■ Records for this task
--
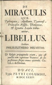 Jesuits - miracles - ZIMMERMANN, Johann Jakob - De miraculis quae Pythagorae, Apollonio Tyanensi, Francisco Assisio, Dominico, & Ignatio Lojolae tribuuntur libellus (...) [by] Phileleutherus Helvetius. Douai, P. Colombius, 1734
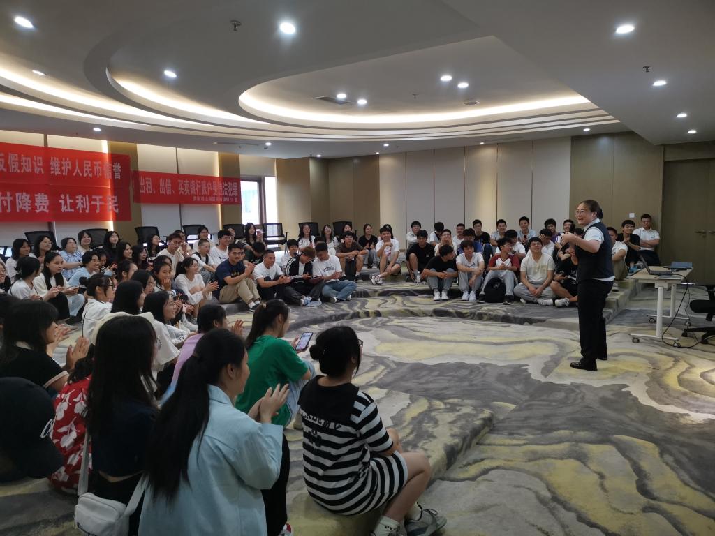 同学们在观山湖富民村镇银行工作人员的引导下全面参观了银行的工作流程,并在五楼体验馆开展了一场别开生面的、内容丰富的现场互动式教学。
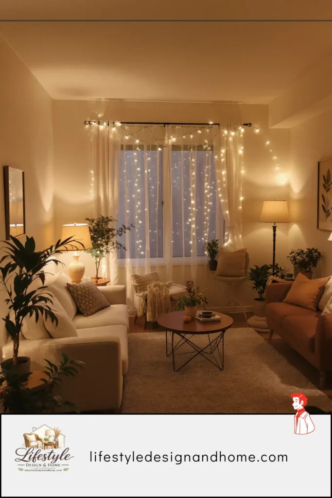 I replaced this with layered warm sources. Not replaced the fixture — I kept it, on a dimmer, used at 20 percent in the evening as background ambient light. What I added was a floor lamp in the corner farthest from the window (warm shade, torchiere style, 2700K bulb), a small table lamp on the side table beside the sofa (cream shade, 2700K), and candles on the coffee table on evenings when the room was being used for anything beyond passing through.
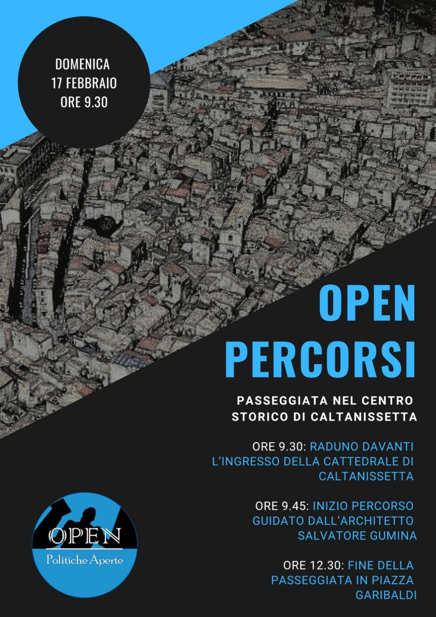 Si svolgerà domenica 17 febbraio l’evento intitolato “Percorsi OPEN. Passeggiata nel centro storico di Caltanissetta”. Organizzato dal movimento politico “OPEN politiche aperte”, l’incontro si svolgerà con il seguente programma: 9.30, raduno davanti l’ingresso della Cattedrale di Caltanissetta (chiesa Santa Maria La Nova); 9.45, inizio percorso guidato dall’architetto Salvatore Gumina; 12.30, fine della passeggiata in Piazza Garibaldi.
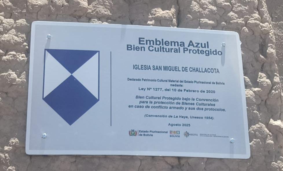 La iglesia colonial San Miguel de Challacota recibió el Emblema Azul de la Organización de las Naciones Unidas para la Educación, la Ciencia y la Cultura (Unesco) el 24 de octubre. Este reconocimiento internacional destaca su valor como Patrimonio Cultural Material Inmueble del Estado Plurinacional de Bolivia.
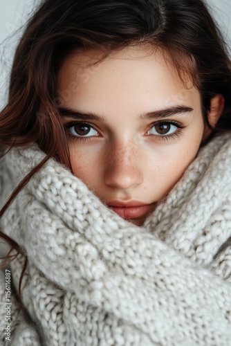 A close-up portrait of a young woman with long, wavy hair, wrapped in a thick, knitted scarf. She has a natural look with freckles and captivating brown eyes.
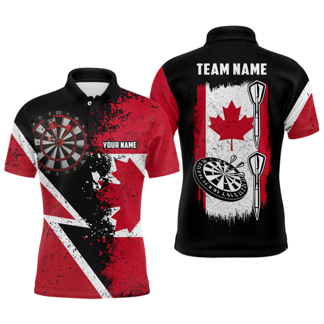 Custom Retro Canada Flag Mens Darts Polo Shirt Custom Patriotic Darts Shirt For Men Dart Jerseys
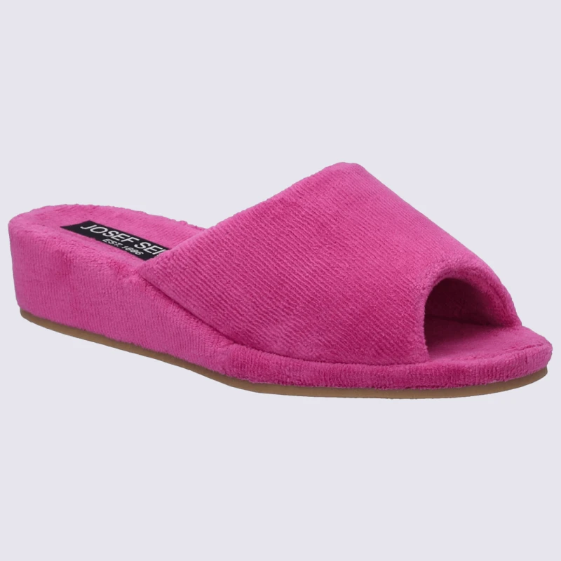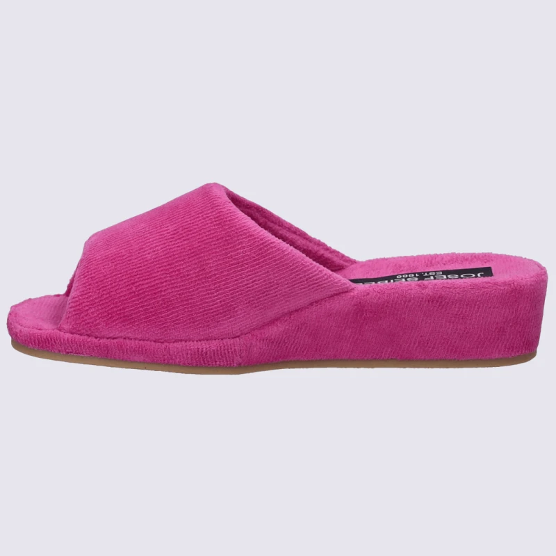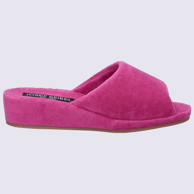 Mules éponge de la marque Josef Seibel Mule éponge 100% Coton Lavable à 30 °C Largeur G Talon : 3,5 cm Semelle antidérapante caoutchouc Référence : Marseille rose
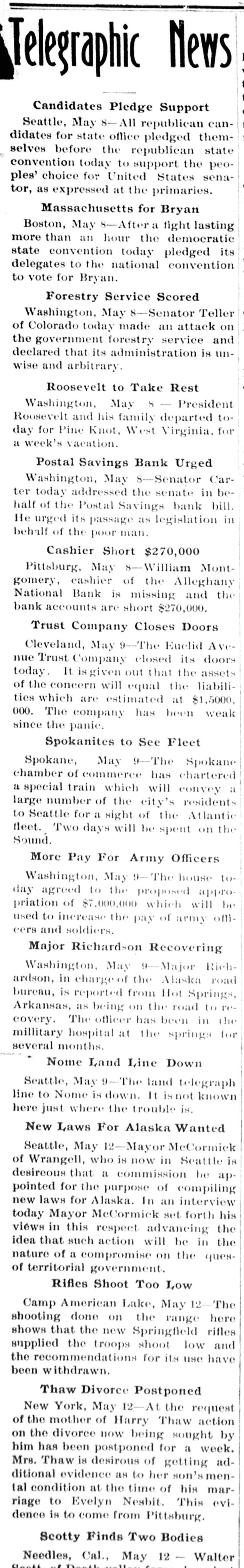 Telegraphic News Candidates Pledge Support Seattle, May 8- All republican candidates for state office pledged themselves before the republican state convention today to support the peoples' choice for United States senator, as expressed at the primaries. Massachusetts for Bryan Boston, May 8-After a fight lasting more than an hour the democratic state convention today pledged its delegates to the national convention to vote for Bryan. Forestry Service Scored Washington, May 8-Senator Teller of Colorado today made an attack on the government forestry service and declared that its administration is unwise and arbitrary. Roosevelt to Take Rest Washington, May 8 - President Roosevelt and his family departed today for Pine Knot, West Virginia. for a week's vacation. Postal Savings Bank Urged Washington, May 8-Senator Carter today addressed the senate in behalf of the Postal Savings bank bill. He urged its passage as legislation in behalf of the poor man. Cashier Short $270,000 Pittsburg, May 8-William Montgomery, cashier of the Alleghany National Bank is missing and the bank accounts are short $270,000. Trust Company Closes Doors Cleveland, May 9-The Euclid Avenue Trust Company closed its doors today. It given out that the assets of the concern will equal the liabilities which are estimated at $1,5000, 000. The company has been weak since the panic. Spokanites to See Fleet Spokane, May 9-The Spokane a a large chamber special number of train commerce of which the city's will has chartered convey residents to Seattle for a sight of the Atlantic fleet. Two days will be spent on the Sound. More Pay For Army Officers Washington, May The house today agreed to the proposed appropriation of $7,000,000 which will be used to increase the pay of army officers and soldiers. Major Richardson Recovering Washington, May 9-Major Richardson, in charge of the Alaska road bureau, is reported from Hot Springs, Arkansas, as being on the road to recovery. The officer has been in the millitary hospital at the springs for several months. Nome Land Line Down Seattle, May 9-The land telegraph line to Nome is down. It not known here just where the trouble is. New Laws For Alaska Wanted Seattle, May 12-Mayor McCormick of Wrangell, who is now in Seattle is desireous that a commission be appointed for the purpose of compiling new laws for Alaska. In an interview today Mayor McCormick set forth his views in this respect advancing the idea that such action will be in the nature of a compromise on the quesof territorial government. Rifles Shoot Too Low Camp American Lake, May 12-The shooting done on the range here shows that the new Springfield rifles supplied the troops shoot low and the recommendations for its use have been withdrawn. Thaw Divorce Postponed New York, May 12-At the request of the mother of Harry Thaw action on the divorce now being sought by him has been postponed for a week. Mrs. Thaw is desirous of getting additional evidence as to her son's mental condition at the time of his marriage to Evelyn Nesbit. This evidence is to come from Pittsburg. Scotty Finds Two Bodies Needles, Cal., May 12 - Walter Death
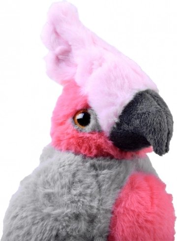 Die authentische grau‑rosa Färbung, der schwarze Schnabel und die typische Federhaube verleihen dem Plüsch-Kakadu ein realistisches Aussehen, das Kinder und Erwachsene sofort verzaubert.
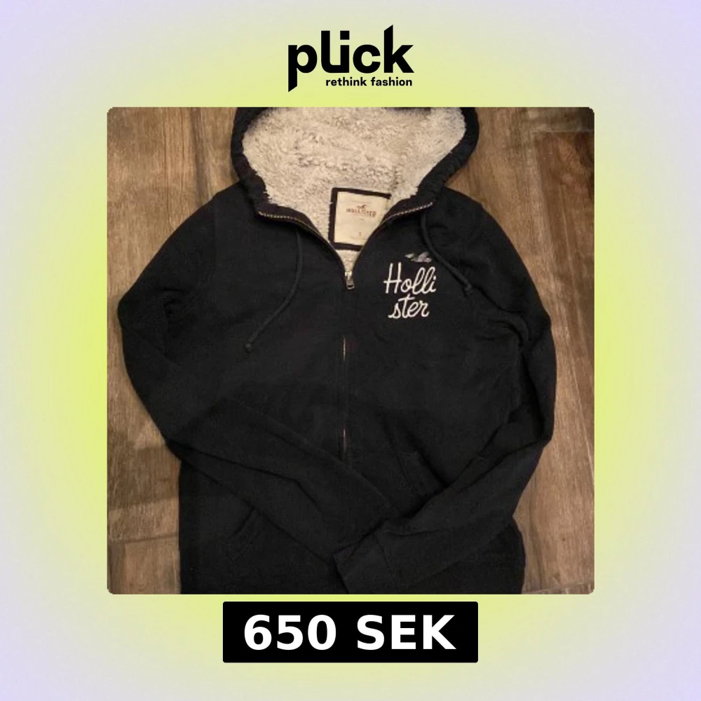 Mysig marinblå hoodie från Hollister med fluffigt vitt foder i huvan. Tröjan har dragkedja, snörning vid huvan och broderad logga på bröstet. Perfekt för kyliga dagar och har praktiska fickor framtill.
--
■ Goal of the exercise
What the answer needs is every line from the one with "Die authentische grau‑rosa" through the last line of the data, reproduced word for word and with pictures omitted.

■ Expected output
 Die authentische grau‑rosa Färbung, der schwarze Schnabel und die typische Federhaube verleihen dem Plüsch-Kakadu ein realistisches Aussehen, das Kinder und Erwachsene sofort verzaubert.
 Mysig marinblå hoodie från Hollister med fluffigt vitt foder i huvan. Tröjan har dragkedja, snörning vid huvan och broderad logga på bröstet. Perfekt för kyliga dagar och har praktiska fickor framtill.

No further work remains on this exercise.